Given Data, f(x) = |x|.

The function of mod x, shown as |x| always returns a positive value, i.e. |(+x)| or |(– x)| will give the value +x in return.

For a function f(x) to be invertible, the function must be one-one and onto.

The range of f(x) =∣x∣ is [0, ∞), (only non-negative numbers because of mod function).

While the co-domain of f(x) is given as R in the question. Hence f(x) is not onto.
(As every element in co-domain does not have a preimage in the domain, i.e. all the negative values in the co-domain are not mapped to any element in the domain because of the modulus function in the definition of f(x)).

Also, since f(x) = f (- x), f(x) is also not one-one in its domain.

Hence, f(x) is not invertible, i.e., the function ${{\text{f}}^{ - 1}}\left( {\text{x}} \right)$does not exist.
Option C is the right answer.

Note: In order to find the inverse, the function needs to be invertible.

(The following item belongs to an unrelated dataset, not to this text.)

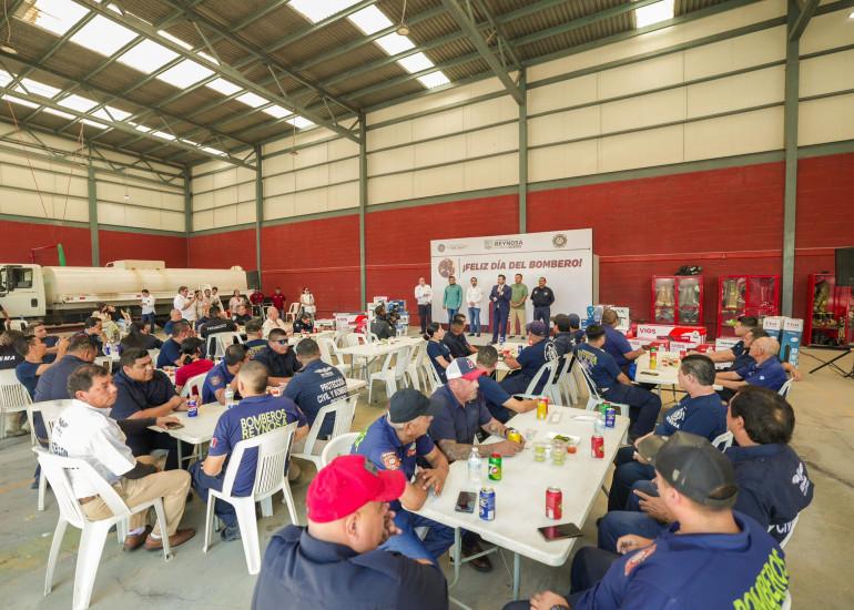 El Presidente Municipal Carlos Peña Ortiz ofreció un convivio por el Día del Bombero para festejar a los integrantes de Protección Civil y Bomberos de Reynosa, reconociendo el valor y aprecio a su trabajo, por el sacrificio mostrado en su importante desempeño a favor de la sociedad.

For the function to be invertible it must be both one-one and onto.
One – one function also known as an injective function is a function that maps distinct elements of its domain to distinct elements of its codomain. In other words, every element of the function's codomain is the image of at most one element of its domain.

Onto function also known as a surjective function could be explained by considering two sets, Set A and Set B which consist of elements. If for every element of B there is at least one or more than one element matching with A then it is called onto function.